The Pin Index Safety System (PISS) is a means of connecting high pressure cylinders containing medical gases to a regulator or other utilization equipment. It uses geometric features on the valve and yoke to prevent mistaken use of the wrong gas. This system is widely used worldwide for anesthesia machines, portable oxygen administration sets, and inflation gases used in surgery.

Concept

The pin index safety system uses a face seal between the cylinder valve and the associated yoke clamp. There are two holes in specific positions on the cylinder valve body below the outlet port , in positions associated with the gas mixture, which prevent connection of the cylinder to a yoke or pressure regulator with a mis-matched set of pins. The holes accept pins 4 mm diameter by 6 mm long which are correctly aligned with the holes.[1]

Pin index configurations

Pin numbers

Each gas cylinder has a pin configuration to fit its respective gas yoke. Refer to the diagram for pin numbers; dimensions are in millimeters.

  • O2: 2,5[2][3][1]
  • N2O: 3,5[2][3][1]
  • Mixture of O2 and N2O (50% / 50%), commonly called Entonox: 7 (a single pin, located in the centre)
  • Air: 1,5[3][1]
  • Mixtures of CO2 and O2 with more than 7% CO2: 1,6[2]
  • Mixtures of CO2 and O2 with less than 7% CO2: 2,6[2]
  • He: No pin[1]
  • Mixtures of O2 and He with less than 80% He, commonly called Heliox: 2,4[2]
  • Mixtures of O2 and He with more than 80% He: 4-6[2]
  • Cyclopropane: 3,6[2]
  • Ethylene: 1,3[2]
  • Nitrogen: 1,4[1]

International Standards

  • International (ISO) and European (CEN) Standard
  • EN ISO 407 : Small medical gas cylinders - Pin-index yoke-type valve connections

The pin index system is a safety system (PISS) designed to ensure the correct gas is filled into the correct cylinder, and that the cylinder will only connect to the correct equipment. The positions of the holes on the cylinder valve correspond with the pins fitted to the yoke attached to the equipment. The pin positions for each medical gas are unique. If an attempt is made to fit the wrong gas cylinder to the yoke a tight seal will not be made, as the pins cannot locate.[citation needed]

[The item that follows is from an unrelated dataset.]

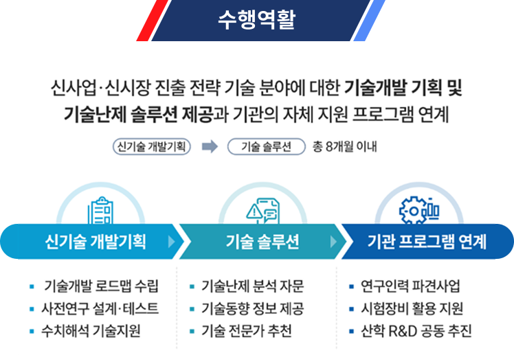 5대 전략분야 관련 연구를 수행 중인 연구원을 활용하여 신기술 개발기획 및 기술 솔루션 등을 지원

The system requires a seal between the yoke and valve to prevent leakage. This is called a Bodok seal, and is a moulded rubber washer (or Neoprene) supported by a metal rim.[1]

Bodok seal

Bodok Seal

The Bodok seal is a specialised washer that ensures a gas-tight seal between the cylinder yoke or regulator of an anaesthetic machine or any medical device requiring a gas supply, and a gas cylinder. It was introduced along with the pin index safety system during the 1950s.

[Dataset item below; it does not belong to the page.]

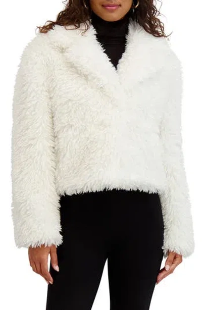Faux Fur Lined Faux Leather Hooded Jacket In Black

Attachment and detachment of a gas cylinder leads to constant wear and tear, due in part to mechanical distress and to gaseous compression and expansion. Adiabatic effects in rapidly expanding compressed gases can generate very low temperatures, necessitating a sufficiently durable and cold-resistant material such as neoprene. Prior to the introduction of the Bodok seal, the traditional fibre washer would frequently splay and cause leakage or adhere to the regulator, thus requiring the use of pliers and considerable force to remove it.

The Bodok seal consists of a neoprene washer with a peripheral metal reinforcing ring to prevent splaying. The seal is incombustible and resistant to the high pressures imposed upon it by cylinder gases, approximately 2,000 psi (140 bar) in a full cylinder.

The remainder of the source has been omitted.